From the entries below, reproduce exactly the lines from the one with "Bringen Sie Vielfalt" through the one with "Το ρόδι, αιώνιο", both included, without images.

**INFORMATION SHOWN**.
[Start of Attachment]
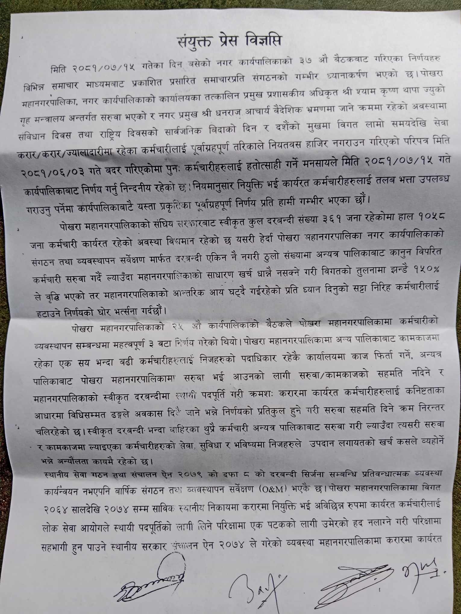 पोखरा महानगरपालिका स्थानीय तह कर्मचारी संगठन समन्वय समिति, स्थानीय तह कर्मचारी संघ पोखरा महानगर समिति, स्थानीय तह कर्मचारी संघ कास्की र स्थानीय तह कर्मचारी संघ गण्डकी प्रदेश समितिले संयुक्त विज्ञप्ति निकालेर हिजोको निर्णय फिर्ता लिई कर्मचारीलाई निर्वाध रुपमा काम गर्ने वातावरण मिलाउन माग गरेका छन् ।
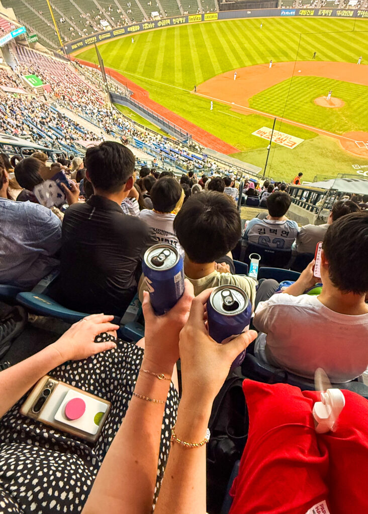 I really believed “we have baseball at home” until I saw how different Korean baseball culture is to ours. When the home team is playing, every time a player comes up to bat the crowd knows their two coordinated songs and dances to cheer them on. The cheering is nonstop. There is a “mandatory dancing” seating section. It’s so fun and you definitely will want to learn the dances by the end of it.
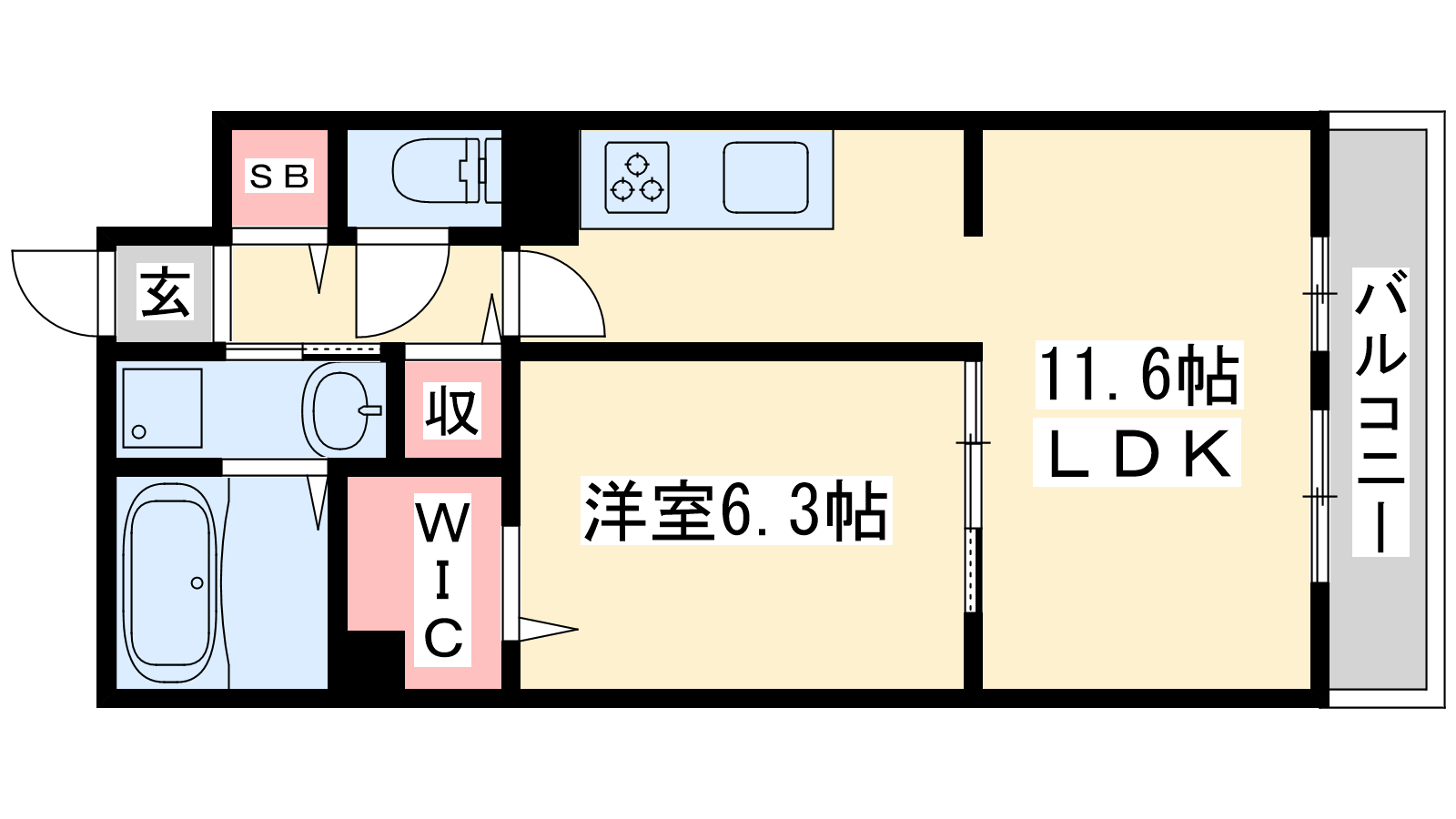 - LDK11.6帖、洋室6.3帖
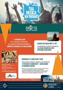 Sabato 20 luglio dalle 17.30 le Grotte di Pastena ospiteranno Alla Magia l’incanto delle note, esibizione del sassofonista Stefano Di Battista all’interno delle grotte. Dopo il percorso, il pubblico, insieme ai tecnici della Regione Lazio, potrà partecipare alla registrazione degli ultrasuoni per il riconoscimento dei pipistrelli, i veri padroni di casa delle grotte, e vivere così un’esperienza di citizen science.
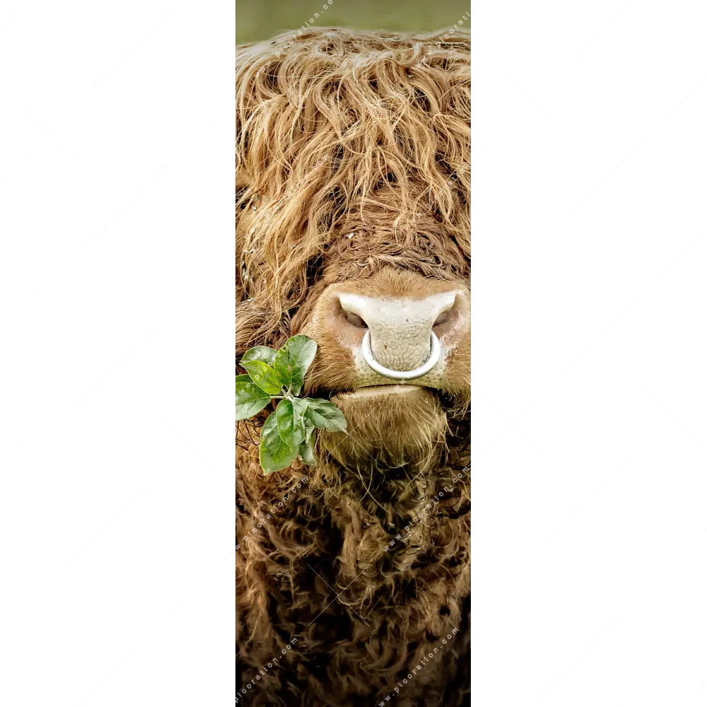 Bringen Sie Vielfalt in Ihren Raum mit unseren Textil-Ersatzdrucken für Ihr Wandbild im Panorama Hochformat. Insbesondere unser Hochland-Rind mit Nasenring ist ein atemberaubendes Motiv, das zu jedem Stil passt und Ihrem Bar - Gastronomie, Wohnzimmer - Schlafzimmer neues Leben einhaucht. Mit dem Hochlandrind mit Pflanze im Maul Textil-Ersatzdruck für Ihr Wandbild können Sie Ihre Räume hoch und beeindruckend erscheinen lassen. Das ist besonders bei flachen Räumen ein Vorteil, doch auch in hohen Räumen wirkt das Panorama-Hochformat mit dem Motiv fressendes Hochlandrind aus der Kategorie Tierwelt als besonderes Highlight. Raumcharakter und Widererkennungswert werden durch den Textil-Ersatzdruck mit dem Motiv fressendes Langhaar-Rind in der Größe Maße besonders hervorgehoben und betont.
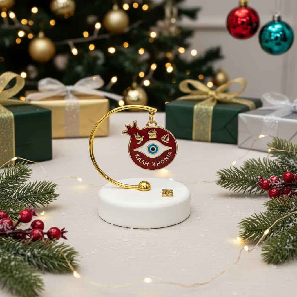 Το ρόδι, αιώνιο σύμβολο αφθονίας και καλοτυχίας, γίνεται εδώ ένα ζεστό, γιορτινό στολίδι που φέρνει στο χώρο την ελληνική παράδοση και την ευχή για ένα φωτεινό νέο έτος.
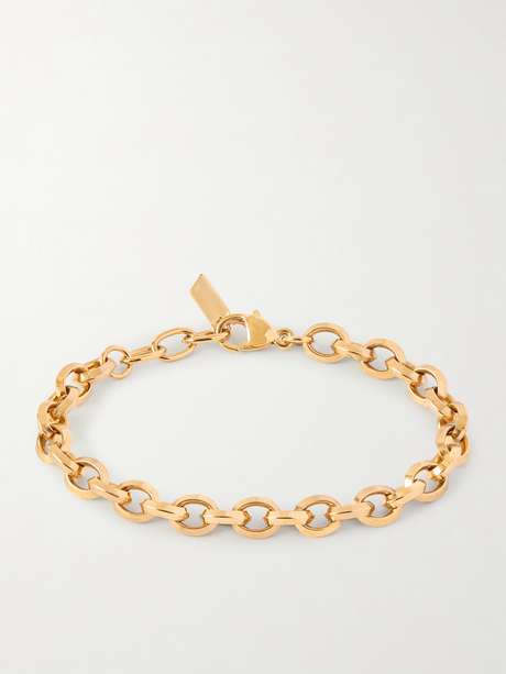 Dieses goldfarbene Armband von SAINT LAURENT könnte auch aus einer Vintage-Boutique stammen. Es setzt sich aus länglichen Gliedern zusammen und wurde mit einer kleinen Logoplakette verziert. Dank des Karabinerverschlusses lässt sich das Modell ganz leicht in der Länge anpassen.
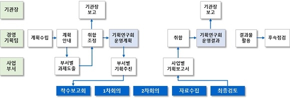 부산테크노파크는 국가 연구개발 사업의 전략적 유치를 위해 기관에서 산발적으로 운영하던 기획과제를 통합 운영할 프로세스를 확립하고 ‘전략산업 기획연구회’를 설립, 운영하고 있다. 이 연구회를 통해 국가 연구개발 사업의 부처별 추진 동향을 파악하고 부산 기업, 대학, 연구기관 등 자원과 함께 중장기 사업을 기획해 미래 먹거리 사업을 발굴, 유치하고 있다.
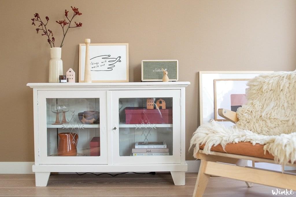 Wimke is gek op Do It Yourself projecten. Ook zij scoorde een prachtig houten kastje bij de kringloop en toverde die om in een fris dressoir. Zij gebruikte de kleur gebroken wit. Mooi hoor!
[End of Attachment]
**TASK OUTPUT**.
 Bringen Sie Vielfalt in Ihren Raum mit unseren Textil-Ersatzdrucken für Ihr Wandbild im Panorama Hochformat. Insbesondere unser Hochland-Rind mit Nasenring ist ein atemberaubendes Motiv, das zu jedem Stil passt und Ihrem Bar - Gastronomie, Wohnzimmer - Schlafzimmer neues Leben einhaucht. Mit dem Hochlandrind mit Pflanze im Maul Textil-Ersatzdruck für Ihr Wandbild können Sie Ihre Räume hoch und beeindruckend erscheinen lassen. Das ist besonders bei flachen Räumen ein Vorteil, doch auch in hohen Räumen wirkt das Panorama-Hochformat mit dem Motiv fressendes Hochlandrind aus der Kategorie Tierwelt als besonderes Highlight. Raumcharakter und Widererkennungswert werden durch den Textil-Ersatzdruck mit dem Motiv fressendes Langhaar-Rind in der Größe Maße besonders hervorgehoben und betont.
 Το ρόδι, αιώνιο σύμβολο αφθονίας και καλοτυχίας, γίνεται εδώ ένα ζεστό, γιορτινό στολίδι που φέρνει στο χώρο την ελληνική παράδοση και την ευχή για ένα φωτεινό νέο έτος.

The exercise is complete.